Los medios de comunicación son actores político-culturales dispuestos para legitimar y promover los valores y prácticas de la cultura dominante, atada, por supuesto a los ejercicios de poder de los miembros de la élite que suelen ser determinantes en la toma de decisiones políticas y económicas.

Para el caso colombiano, la prensa hegemónica defiende los valores de una sociedad católica, conservadora, premoderna, machista y patriarcal, lo que supone la defensa de la imagen de los hombres poderosos y sobresalientes en la vida económica, social y política acostumbrados a hacer lo que les viene en gana.

Cuando se trata de defender la imagen de expresidentes de la República, la prensa tradicional pro-establecimiento apela a la autocensura para evitar afectar la imagen de exmandatarios que resulten cuestionados moral y éticamente por hechos de corrupción, violencia política e incluso violencia sexual, en particular con menores de edad (niñas, niños y adolescentes).

También suelen apelar al uso de eufemismos con el objetivo de minimizar los efectos negativos en la imagen de los exjefes de Estado comprometidos en escándalos. Por estos días, y en virtud de la desclasificación de archivos del caso Jeffrey Epstein, que ensucia al presidente Donald Trump, varios medios hablan de “relaciones sexuales con menores”. De esa manera ocultan una realidad y un delito: se trata de violaciones, de relaciones no consentidas con adolescentes.

El poder político y económico, sumado al reconocimiento social, suele ser la mascarada en la que se esconden verdaderos predadores sexuales. El caso de la isla de Jeffrey Epstein que por estos días la justicia gringa viene desclasificando correos y llamadas en las que están involucrados presidentes de varios países, primeros ministros y agentes de la realeza europea es la constatación de que el dinero y el poder político son la patente de corso para que hombres como Donald Trump hayan violado a adolescentes reclutadas para satisfacer los deseos de hombres mayores que prefieren someter a menores de edad, que intentar sostener relaciones consentidas con mujeres adultas.

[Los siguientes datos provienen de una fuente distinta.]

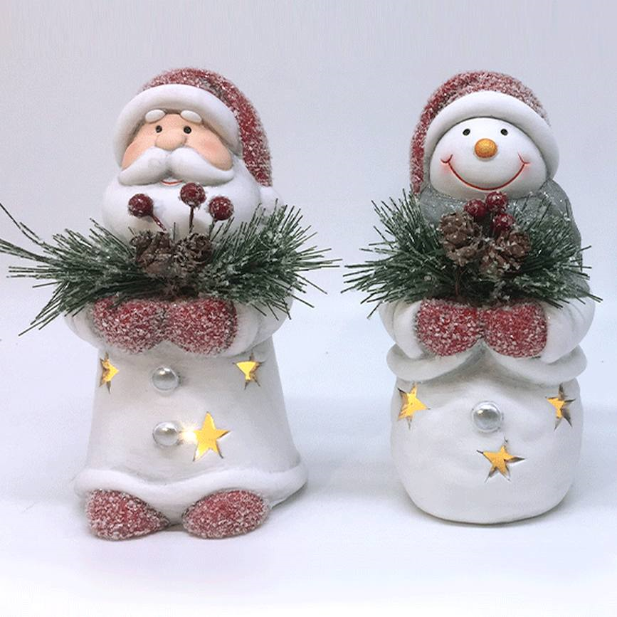 Αι Βασίλης & Χιονάνθρωπος με Κουκουνάρια φως LED 9.3x9x16.5cm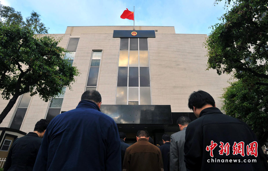 中國(guó)駐洛杉磯總領(lǐng)館降半旗悼念遇難同胞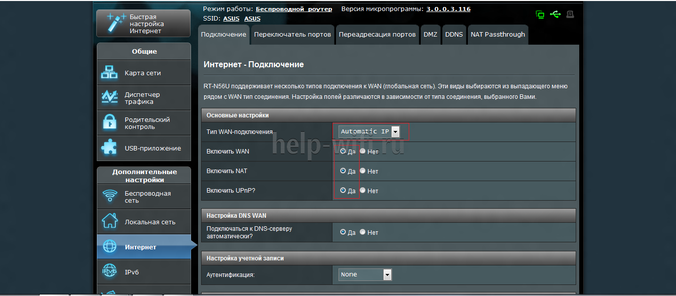 - В строке «Тип WAN-подключения» поставьте «Automatic IP». Остальные пункты в блоке «Основные настройки» отметьте маркером «Да».
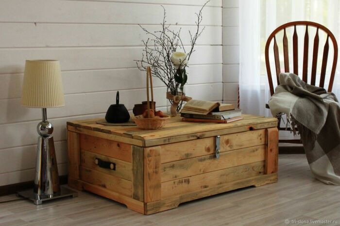 Такие вещи точно найдутся на каждой даче, и они при этом вполне ещё в хорошем состоянии, однако, морально устарели. В них много не поместится, а переносить уж точно будет неудобно, ведь старые чемоданы и сундуки весят больше того, что можно положить внутрь. Однако, старый ящик, сундук и чемодан прекрасно подойдут для создания небольшого, но оригинального кофейного столика в гостиную, на веранду или в беседку на даче. А также может быть кроме столика, прикроватной тумбочкой. Внутрь такого чемодана или сундука можно складывать книги, пульт, гаджеты, и многое другое, что необходимо иногда иметь под рукой в том или ином помещении. А вот если к более лёгкому ящику приделать колёса, то в гостиной получится передвижной столик, на котором можно расставлять закуски, или разложить газеты, сделать это мобильным местом для шитья или вязания. Ножки всем этим предметам можно выбрать яркие, или наоборот изогнутые, чтобы больше подошли под стиль интерьера спальни или гостиной.

En el señalado caso de pedofilia y pederastia aparece el nombre del expresidente Andrés Pastrana Arango en varios de los documentos desclasificados. La prensa hegemónica colombiana parece haberse puesto de acuerdo para evitar exponer al expresidente conservador. El hijo de Misael Pastrana aparece en varios correos y en registros de vuelos a la isla del violador de niñas, Jeffrey Epstein.

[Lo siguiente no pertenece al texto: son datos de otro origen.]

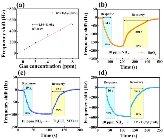 (a) Frequency shift of Ti3C2Tx/SnO2 sensor to NH3 concentrations varying from 200 ppb to 8 ppm. Response and recovery curves of (b) SnO2, (c) Ti3C2Tx, and (d) Ti3C2Tx/SnO2 composites.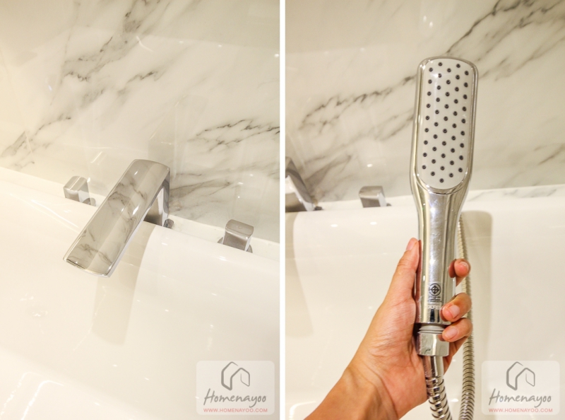 ฝักบัวและก็อกน้ำเป็นของ Hafele ขนาดกำลังเหมาะมือ ก็อกน้ำมีตัวหมุนเปิดน้ำร้อนน้ำเย็นมาให้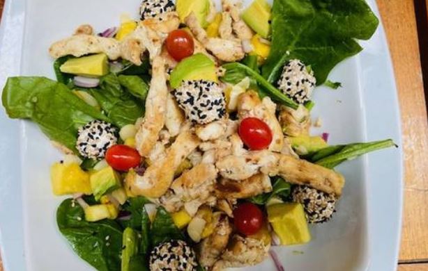 Mezcla de espinaca, jitomates cherry, aguacate, chiles, cebolla morada, queso de cabra, vinagre balsámico y proteína a elegir.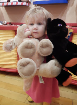 Took her to the Children's Museum for the last half hour until they closed, then got ice cream and finally a visit to Build a Bear, where she was very happy to hug two new "babies" - and also did not fuss about putting them back and not buying anything there!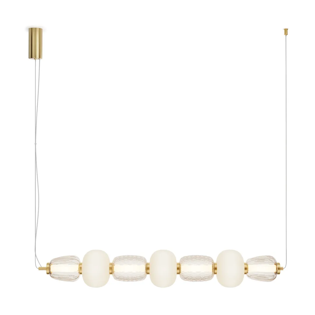 Металлическая арматура, цвет - золото, хром. Микс плафонов округлых и вытянутых форм из белого матового и прозрачного стекла с сетчатым и с линейным повторяющимся рельефным рисунком. Регулируемая высота подвесных моделей, провод - 3 метра. LED-источник света, цветовая температура 3000К.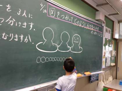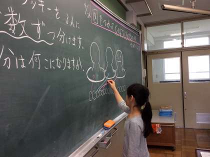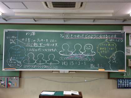 15個のクッキーを3人に同じ数ずつ分ける時,どのような配り方があるのかを考えました。「1こずつ配るといい!」「いや,5個一度に配るといい!」「3個とりあえず配って残りは1個ずつ配っていく!」といろいろな考え方があり,それぞれのメリット,デメリットについて話し合いました。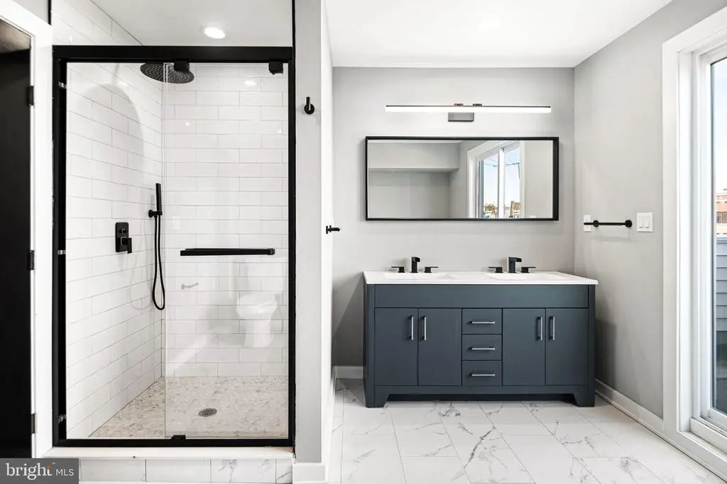 Welcome to 1329 Dickinson Street, a meticulously renovated 3-bedroom, 2.5-bath home offering over 2,800 square feet of luxurious living space in one of South Philadelphia’s most sought-after neighborhoods — just steps from the vibrant Passyunk Avenue corridor. From the moment you enter, you'll be captivated by the thoughtful design, high-end finishes, and seamless layout. The spacious open-concept main floor features wide-plank hardwood floors, recessed lighting, and a chef's kitchen equipped with quartz countertops, custom cabinetry, and top-of-the-line stainless steel appliances. Upstairs, you'll find three generously sized bedrooms, including a stunning primary suite with a feature wall of exposed brick, adding warmth and historic charm to the modern design. The suite also boasts a spa-like en suite bathroom and ample closet space. The fully finished basement adds valuable flexible living space — perfect for a media room, home gym, or office. Step outside to your private roof deck, ideal for entertaining or relaxing with sweeping views of the city skyline. All systems, mechanicals, and finishes are brand new — just move right in and enjoy! This is a rare opportunity to own a turnkey home just a short stroll from award-winning restaurants, cafes, boutiques, and parks in the heart of Passyunk Square. Schedule your private tour today and experience South Philly living at its finest.

Desde la lógica periodística-noticiosa las empresas mediáticas estarían obligadas a consultar al expresidente para que dé las explicaciones a las que haya lugar acerca de sus relaciones con el degenerado Jeffrey Epstein y la probada amistad con la proxeneta Ghislaine Maxwell, que Pastrana invitó al país. En su visita a Colombia, la alcahueta y encubridora de delitos sexuales con menores piloteó un helicóptero artillado y de acuerdo con los documentos desclasificados, habría disparado contra “terroristas”.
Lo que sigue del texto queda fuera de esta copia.